## Your task
Please copy exactly the part of the records below that opens with the line containing "Document 8 f:/Week-31/BX000460/MEDSTAT- SITREPS" and closes with the line containing "- K9 Advantix", leaving out any pictures.

## Data listing
────
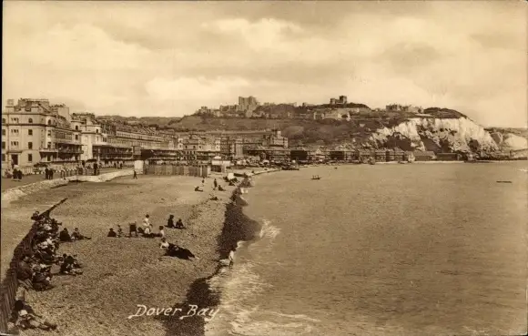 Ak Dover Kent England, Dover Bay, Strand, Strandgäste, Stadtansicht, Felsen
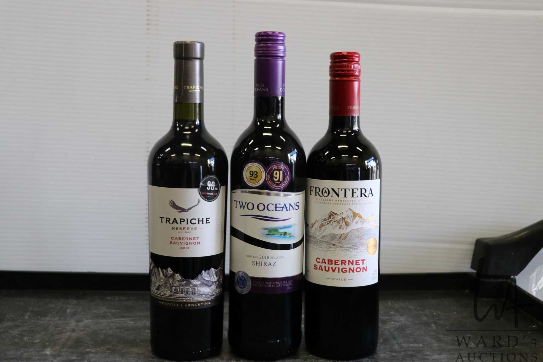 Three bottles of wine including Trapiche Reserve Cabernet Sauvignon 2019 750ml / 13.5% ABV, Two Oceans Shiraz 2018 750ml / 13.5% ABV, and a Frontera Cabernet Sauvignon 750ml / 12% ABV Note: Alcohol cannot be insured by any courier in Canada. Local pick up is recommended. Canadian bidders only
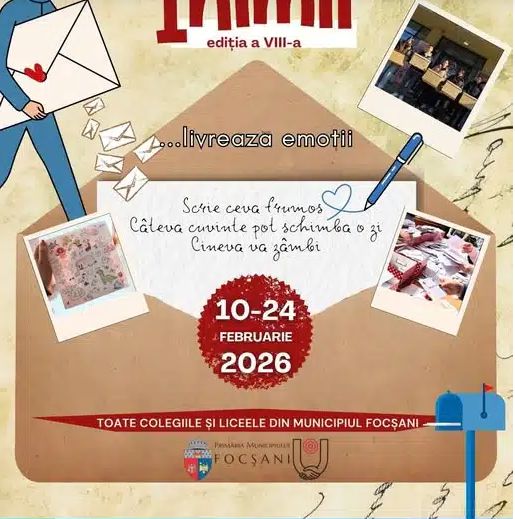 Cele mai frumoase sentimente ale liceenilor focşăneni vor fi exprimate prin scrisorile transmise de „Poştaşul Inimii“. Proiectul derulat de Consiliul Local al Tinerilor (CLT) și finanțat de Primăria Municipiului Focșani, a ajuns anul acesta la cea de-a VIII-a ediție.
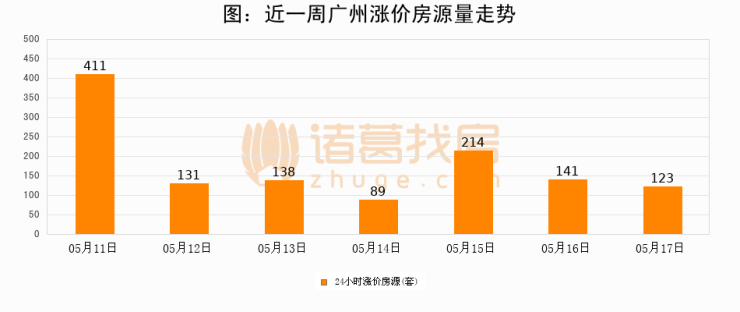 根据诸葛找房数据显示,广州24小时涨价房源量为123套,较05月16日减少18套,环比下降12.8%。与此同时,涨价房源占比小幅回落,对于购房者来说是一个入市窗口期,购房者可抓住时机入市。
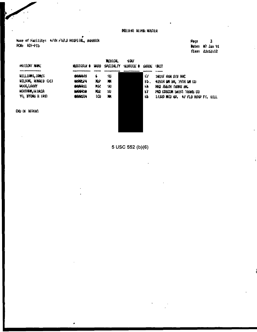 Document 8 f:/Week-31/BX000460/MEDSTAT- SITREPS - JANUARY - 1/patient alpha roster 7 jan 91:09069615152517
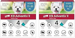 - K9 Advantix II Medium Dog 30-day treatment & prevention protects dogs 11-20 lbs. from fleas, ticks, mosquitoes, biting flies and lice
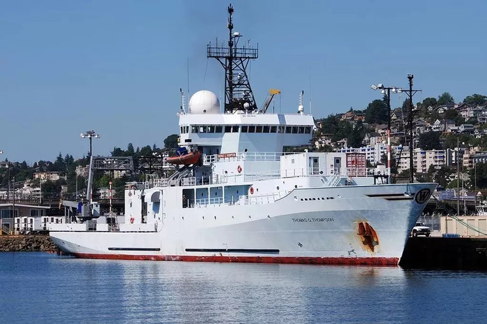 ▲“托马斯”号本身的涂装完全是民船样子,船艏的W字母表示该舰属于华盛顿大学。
────
## Result
 Document 8 f:/Week-31/BX000460/MEDSTAT- SITREPS - JANUARY - 1/patient alpha roster 7 jan 91:09069615152517
 - K9 Advantix II Medium Dog 30-day treatment & prevention protects dogs 11-20 lbs. from fleas, ticks, mosquitoes, biting flies and lice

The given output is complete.